- [ENTRIES SUPPLIED]
******

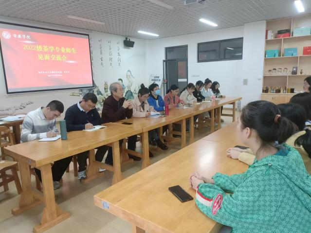 为了帮助新生了解茶学专业发展动态,树立专业学习信心,培养专业意识,激发学习动力,能更好地规划大学生活,明确未来目标和发展方向,10月30日下午,2022级茶学专业学生和老师在江北茶文化与茶艺实训室举行了新生见面交流会。澳门pg官方电子平台教学副院长杨芳,茶学系主任李冬花,茶叶重点实验室办公室主任齐玉岗及茶学专业教师谢满超、马瑛、程晓梅、袁月、常娜和吴冲参加了此次会议。
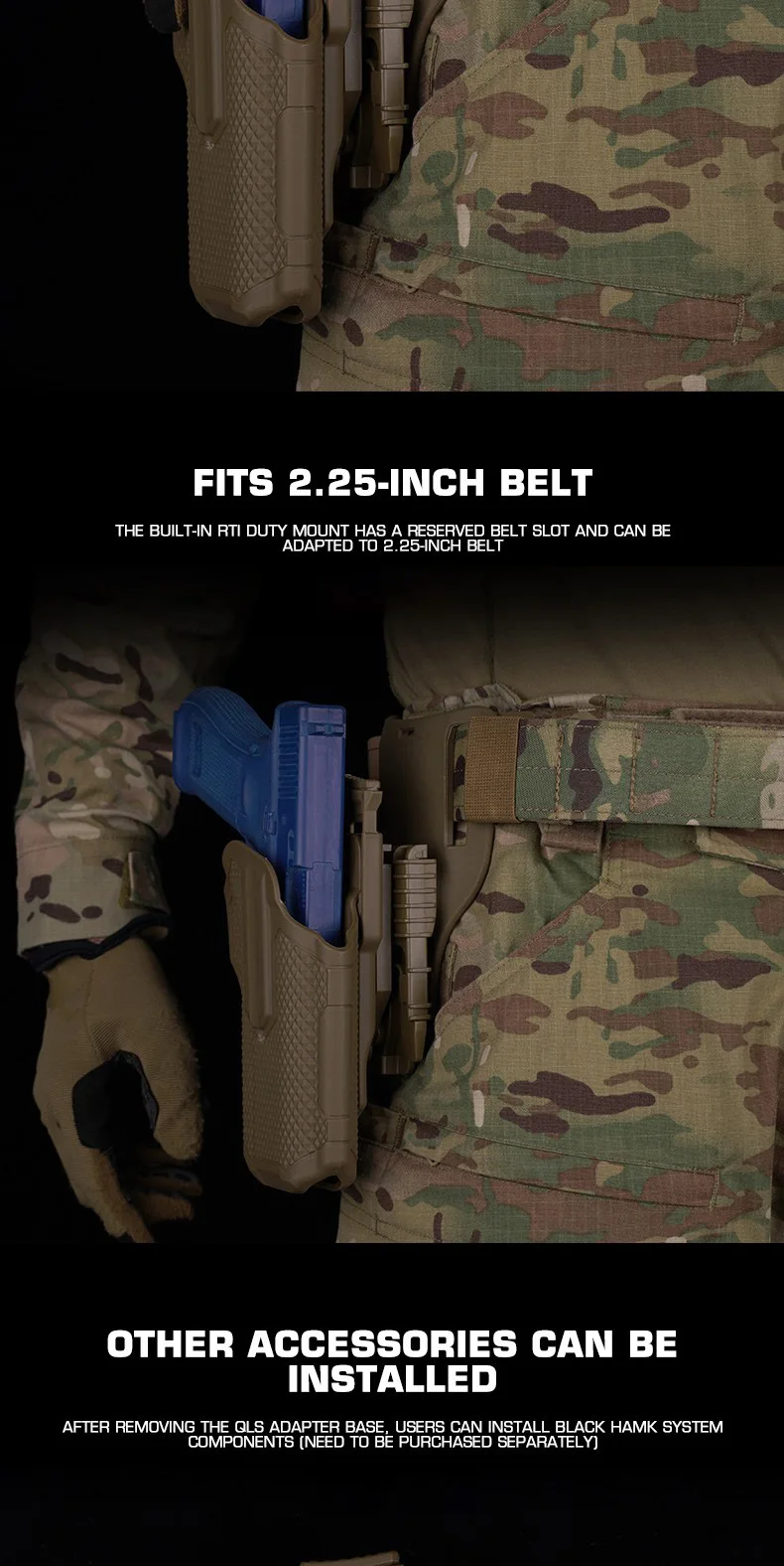 -La placa de presión inferior incluida tiene una ranura para cinturón prediseñada para un cinturón de 2,25 pulgadas.
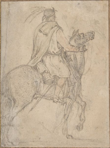 Hans Holbein the Elder created this drawing of Kaiser Maximilian I in travel dress on horseback, its date is unknown. The composition presents a figure on horseback, rendered in delicate lines and subtle shading that provides structure and depth to the composition. The horse and rider are positioned dynamically within the frame. Note the use of line to create the textures of the horse's mane and the folds of the rider's clothing. This attention to texture gives the figures a sense of liveliness. Semiotic analysis reveals the cultural codes embedded within the artwork. The figure, identified as Kaiser Maximilian, is depicted in travel dress, holding what looks like a lance; these details signify power, nobility and mobility. Overall, the artwork presents a complex interplay of formal elements that invite ongoing interpretation and re-interpretation.
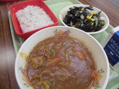 麦ごはん 牛乳 ポークカレー 海藻サラダ
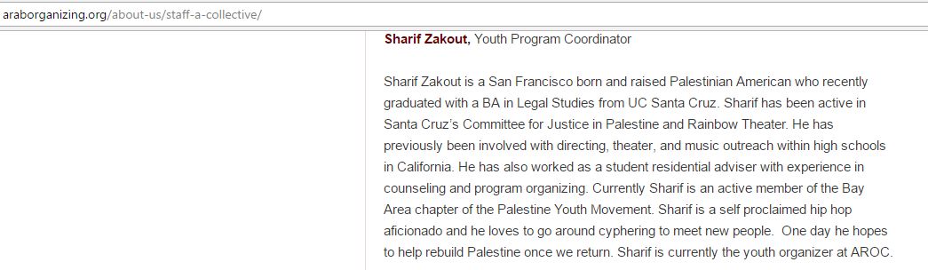 Sharif Zakout is a member of the Bay Area chapter of the Palestine Youth Movement (PYM). PYM states: “Our liberation...will be gained with the path that was written with the blood of our martyrs. We reaffirm that the only path that we are concerned with is the path that explicitly heads towards the liberation of our land and the return of our people to Palestine… All Palestine.”As of September 2019, Zakout was the Lead Organizer of the Arab Resource and Organizing Center (AROC).
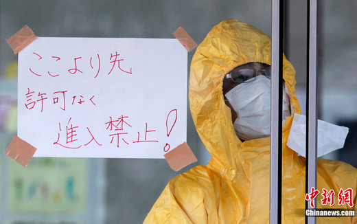 日本首相菅直人周一(14日)表示,在大地震和海嘯中受損的核電站仍然處于“警戒”狀態(tài)。東京電力公司周一向政府報告說,福島第一核電站輻射程度再次超過法定劑量。福島縣第一核電站在地震發(fā)生后已經關閉,但是因反應堆冷卻系統(tǒng)發(fā)生故障導致輻射超標。圖為在福島縣二本松,民眾隔離接受輻射檢測。
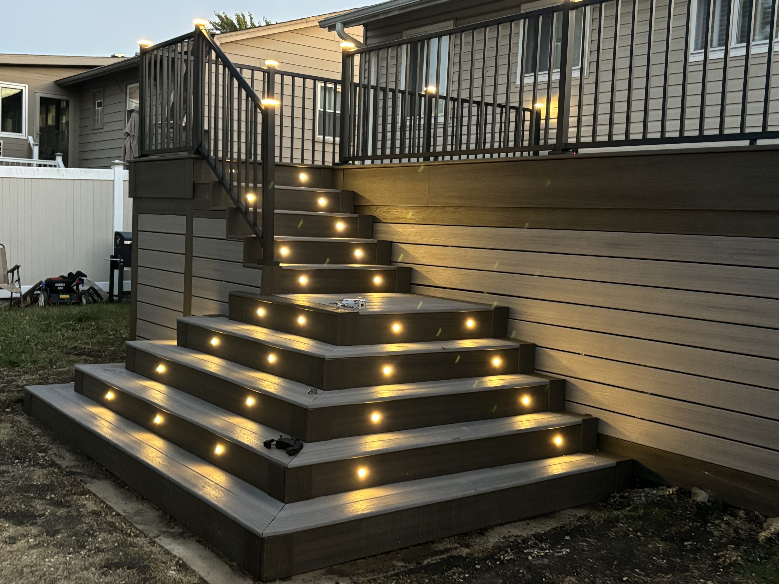 We recently completed a beautiful 12×20 ft deck in Country Club Hills, Illinois, featuring durable Trex composite decking and stunning custom cascading stairs that add both function and visual appeal.
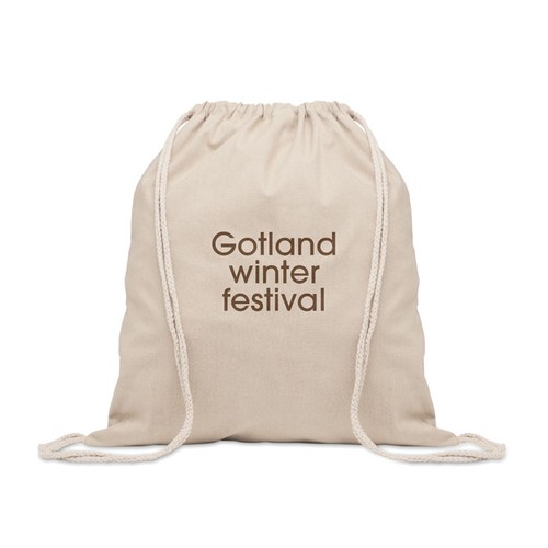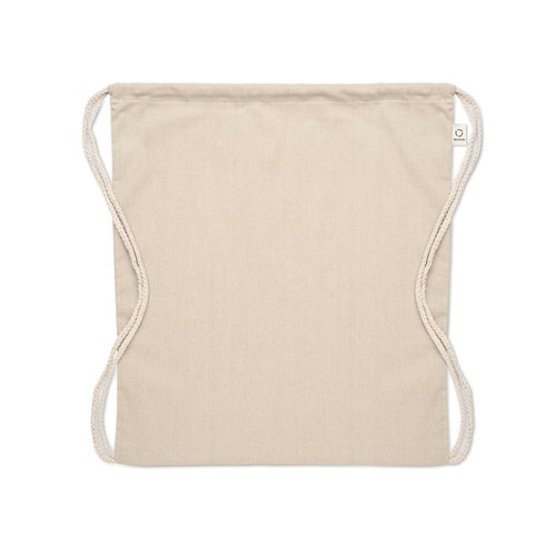 Sac à cordon en coton recyclé pré- consommation (70 %) et RPET (30 %). 140 gr/m². Cet article peut rétrécir après avoir imprimé.
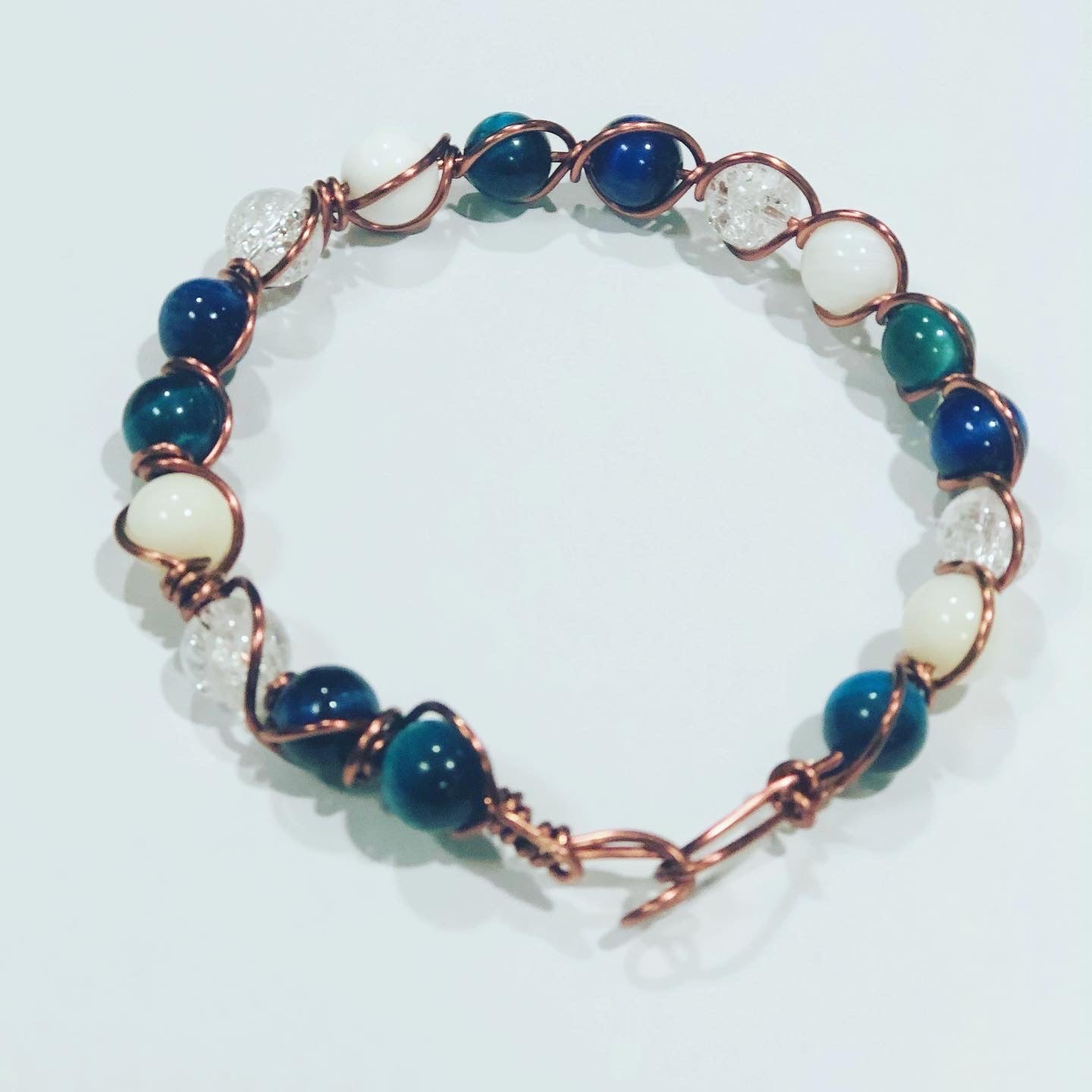 Copper wrapped Blue Tiger Eye, Clear Quartz and Opal

******

- [BRIEF] Retype the whole listing, keeping every line identical and omitting all pictures.

- [EXERCISE SOLUTION]
 为了帮助新生了解茶学专业发展动态,树立专业学习信心,培养专业意识,激发学习动力,能更好地规划大学生活,明确未来目标和发展方向,10月30日下午,2022级茶学专业学生和老师在江北茶文化与茶艺实训室举行了新生见面交流会。澳门pg官方电子平台教学副院长杨芳,茶学系主任李冬花,茶叶重点实验室办公室主任齐玉岗及茶学专业教师谢满超、马瑛、程晓梅、袁月、常娜和吴冲参加了此次会议。
 -La placa de presión inferior incluida tiene una ranura para cinturón prediseñada para un cinturón de 2,25 pulgadas.
 Hans Holbein the Elder created this drawing of Kaiser Maximilian I in travel dress on horseback, its date is unknown. The composition presents a figure on horseback, rendered in delicate lines and subtle shading that provides structure and depth to the composition. The horse and rider are positioned dynamically within the frame. Note the use of line to create the textures of the horse's mane and the folds of the rider's clothing. This attention to texture gives the figures a sense of liveliness. Semiotic analysis reveals the cultural codes embedded within the artwork. The figure, identified as Kaiser Maximilian, is depicted in travel dress, holding what looks like a lance; these details signify power, nobility and mobility. Overall, the artwork presents a complex interplay of formal elements that invite ongoing interpretation and re-interpretation.
 麦ごはん 牛乳 ポークカレー 海藻サラダ
 Sharif Zakout is a member of the Bay Area chapter of the Palestine Youth Movement (PYM). PYM states: “Our liberation...will be gained with the path that was written with the blood of our martyrs. We reaffirm that the only path that we are concerned with is the path that explicitly heads towards the liberation of our land and the return of our people to Palestine… All Palestine.”As of September 2019, Zakout was the Lead Organizer of the Arab Resource and Organizing Center (AROC).
 日本首相菅直人周一(14日)表示,在大地震和海嘯中受損的核電站仍然處于“警戒”狀態(tài)。東京電力公司周一向政府報告說,福島第一核電站輻射程度再次超過法定劑量。福島縣第一核電站在地震發(fā)生后已經關閉,但是因反應堆冷卻系統(tǒng)發(fā)生故障導致輻射超標。圖為在福島縣二本松,民眾隔離接受輻射檢測。
 We recently completed a beautiful 12×20 ft deck in Country Club Hills, Illinois, featuring durable Trex composite decking and stunning custom cascading stairs that add both function and visual appeal.
 Sac à cordon en coton recyclé pré- consommation (70 %) et RPET (30 %). 140 gr/m². Cet article peut rétrécir après avoir imprimé.
 Copper wrapped Blue Tiger Eye, Clear Quartz and Opal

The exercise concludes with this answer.